2. Der Antragsteller kann verlangen, dass die zu seinen Lasten vorgenommenen Umschreibungen seiner Anmeldungen auf die Antragsgegnerin rückgängig gemacht werden. Dies ergibt sich daraus, dass zum einen diese Umschreibungen unter Verletzung seines rechtlichen Gehörs ergangen und dass zum anderen die Voraussetzungen für die Umschreibungen auch sachlich nicht gegeben waren. a) Die Rückgängigmachung einer Umschreibung kommt ausnahmsweise in Betracht, wenn die Voraussetzungen vorliegen, unter denen die Rechtskraft einer gerichtlichen Entscheidung im Wege der Wiederaufnahme beseitigt werden kann, oder wenn das rechtliche Gehör nicht in ausreichender Weise gewährt wurde (Senatsbeschl. v. 10. Mai 1999, BlPMZ 1999, 370, 371; Busse/Schwendy, PatG, 6. Aufl, § 30 Rdn 41 mwN). Letzteres ist hier der Fall. Das Patentamt hätte die Umschreibungen nicht vornehmen dürfen, ohne zuvor den bis dahin eingetragenen Patentinhaber gehört zu haben.
b) Die Voraussetzungen für die beanstandeten Umschreibungen liegen nicht vor. Gemäß § 30 Abs. 3 Satz 1 PatG vermerkt das Patentamt im Register eine Änderung in der Person des Anmelders oder Patentinhabers, wenn sie ihm nachgewiesen wird. Dabei ist das Patentamt nicht verpflichtet, die materiellrechtliche Wirksamkeit der Rechtsübertragung in jeder Richtung zu prüfen. Dem Wesen des Registerverfahrens entspricht es, den Rahmen der rechtlichen Nachprüfung nicht allzu weit zu ziehen. Führt diese Prüfung zu Zweifeln an der Rechtswirksamkeit einer Übertragung und lassen sich diese Zweifel nicht durch Beweismittel beheben, die für das Registerverfahren tauglich erscheinen, muss das Patentamt die Umschreibung versagen (vgl BGH BlPMZ 1969, 60, 63 - Marpin; Senatsbeschl. aaO sowie BlPMZ 2001, 354; Schulte, PatG, 7. Aufl, § 30 Rdn 35; Busse/Schwendy, aaO, § 30 Rdn 88).

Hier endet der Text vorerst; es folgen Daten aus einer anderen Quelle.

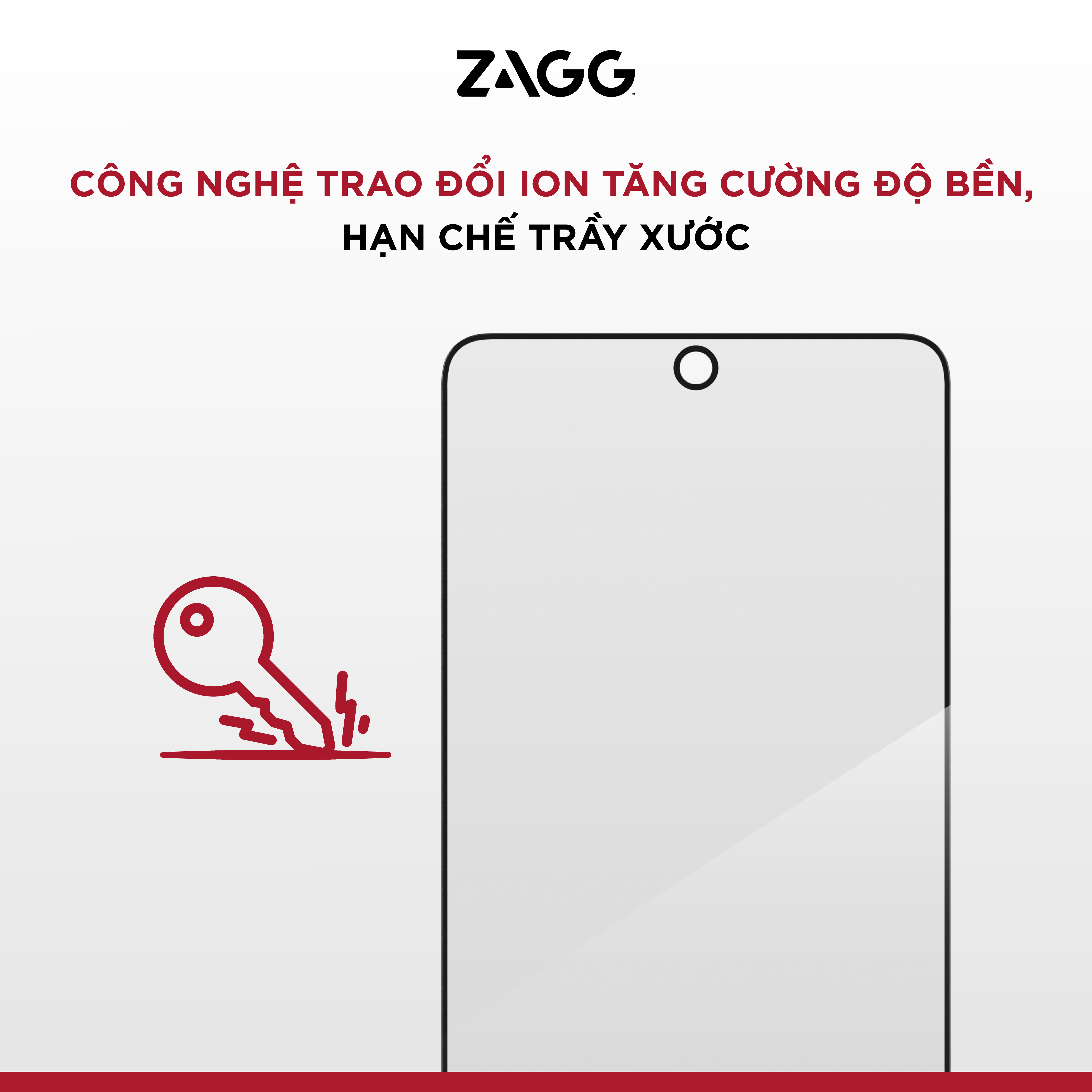 ZAGG Plus Edge cho Samsung S26 series được gia cường bằng công nghệ trao đổi ion, giúp tăng độ bền cho bề mặt kính và hạn chế trầy xước hiệu quả trong quá trình sử dụng hằng ngày.

Danach hätten im vorliegenden Fall die beantragten Umschreibungen nicht vorgenommen werden dürfen. Zweifel an einem wirksamen Übergang der Anmeldungen ergeben sich bereits aus dem Wortlaut von Nr. 8 des Kaufvertrags vom 1. November 2002, wonach die Schutzrechte - nach Rückführung der Darlehensvaluta um … EUR - "zu übertragen" sind. Es liegt nahe, diese Klausel dahingehend zu interpretieren, dass der Kaufvertrag nicht auch die (aufschiebend bedingte) Übertragung der Schutzrechte beinhaltet, sondern dass die Übertragung durch selbständige Rechtsgeschäfte erfolgen sollte. Ein solches Übertragungsgeschäft hat aber unzweifelhaft nicht stattgefunden. Selbst wenn man in dem Kaufvertrag zugleich die aufschiebend bedingte Übertragung der Schutzrechte sehen wollte, kann nicht ohne weiteres davon ausgegangen werden, dass die Bedingung für den Rechtsübergang eingetreten ist. Der Antragsteller bestreitet zwar nicht die Überweisung von insgesamt… EUR. Er behauptet jedoch, diese Summe sei für den Erwerb eines Grundstücks gezahlt worden und habe ihm nicht zur freien Verfügung gestanden. Die Antragsgegnerin hat sich zu dieser Behauptung nicht näher geäußert. Somit bestehen Widersprüche im beiderseitigen Vortrag, die sich im Rahmen des Umschreibungsverfahrens - auch in der Beschwerdeinstanz - nicht aufklären lassen.
3. Es erscheint gerechtfertigt, die Beschwerdegebühr gemäß § 80 Abs. 3 PatG an den Antragsteller zurückzuzahlen, weil dieser durch erhebliche Verfahrensfehler des DPMA gezwungen war, seine Rechte im Wege der Beschwerde zu verfolgen. Zum einen hätte die Umschreibstelle den Antragsteller als damals eingetragenen Inhaber vor dem Vollzug der Umschreibungen in jedem Fall hören müssen (gemäß Nr. 1.1.1.1. und Nr. 1.1.1.2. der Umschreibungsrichtlinien darf eine Umschreibung nur vorgenommen werden, wenn entweder der eingetragene Inhaber sie beantragt oder ihr - bei Beantragung durch den Rechtsnachfolger - zustimmt). Zum anderen hätte die Umschreibstelle den Antrag auf Rückgängigmachung der Umschreibungen nicht ohne weiteres zurückweisen dürfen, ohne sich mit dem Vortrag des Antragstellers, insbesondere mit der von diesem erhobenen Rüge der Gehörsverletzung, auseinander zu setzen.